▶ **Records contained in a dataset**
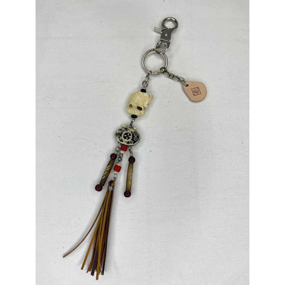 Etnik desenli kemik boncuklar, toprağın enerjisini yansıtırken, sarı ve bordo tonlardaki deri püskül, doğallığın ve özgürlüğün sıcak dokusunu ekler.
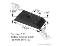 Axle seat MFL21 for Freightliner FAS II suspensions. 5 degree camber, wedged type, no wings. 3/4 inch top hole inner diameter, 1 inch bottom hole inner diameter. Replaces Freightliner numbers 6813281626 and 681-328-16-26.
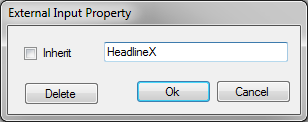 By default, members are externalized with their default member name (here PositionX and PositionY). This name can be changed by double-clicking on the red button. A simple dialog allows to assign a custom external name. To select the default name check the Inherit box.
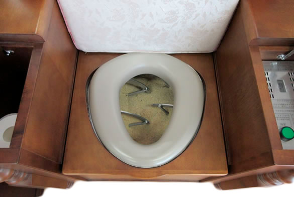 バイオトイレBio-Luxは水を使わずオガクズでし尿を処理する「自己完結型の新型トイレ」です。
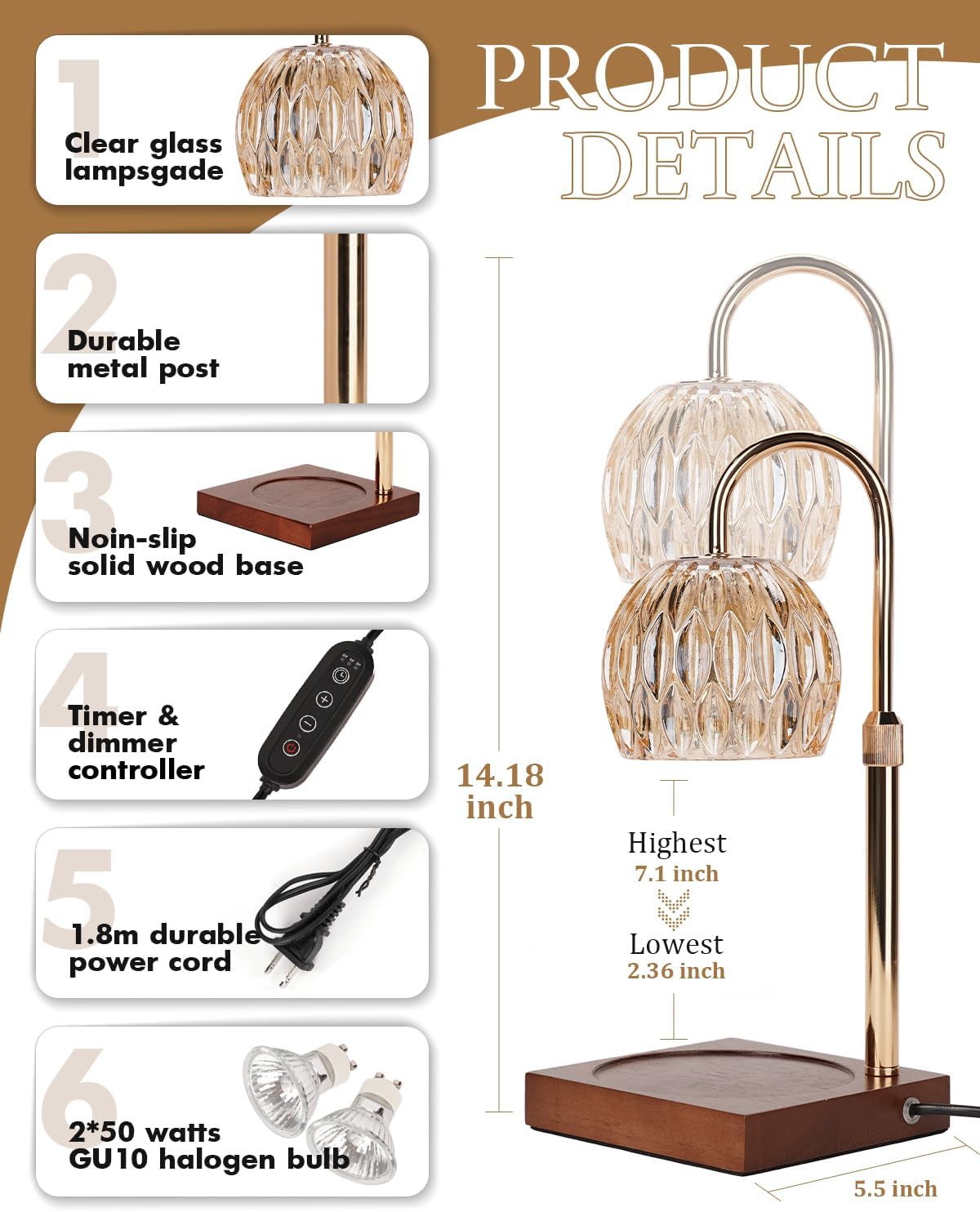 Candle Warmer Lamp, Wax Melter Warmer with Adjustable Height & Timer, Birthday Gifts for Women Mom, Christmas Gifts, House Warming New Home Office Decor for Jar Candles
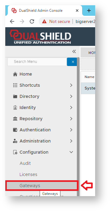 In the DualShield Admin Console, Navigate to "Configuration | Gateways", then click on the button "CREATE";

▶ **How to complete this task**
Each record above must be set down again unchanged, with its pictures left out.

▶ **Expected output**
 Etnik desenli kemik boncuklar, toprağın enerjisini yansıtırken, sarı ve bordo tonlardaki deri püskül, doğallığın ve özgürlüğün sıcak dokusunu ekler.
 Axle seat MFL21 for Freightliner FAS II suspensions. 5 degree camber, wedged type, no wings. 3/4 inch top hole inner diameter, 1 inch bottom hole inner diameter. Replaces Freightliner numbers 6813281626 and 681-328-16-26.
 By default, members are externalized with their default member name (here PositionX and PositionY). This name can be changed by double-clicking on the red button. A simple dialog allows to assign a custom external name. To select the default name check the Inherit box.
 バイオトイレBio-Luxは水を使わずオガクズでし尿を処理する「自己完結型の新型トイレ」です。
 Candle Warmer Lamp, Wax Melter Warmer with Adjustable Height & Timer, Birthday Gifts for Women Mom, Christmas Gifts, House Warming New Home Office Decor for Jar Candles
 In the DualShield Admin Console, Navigate to "Configuration | Gateways", then click on the button "CREATE";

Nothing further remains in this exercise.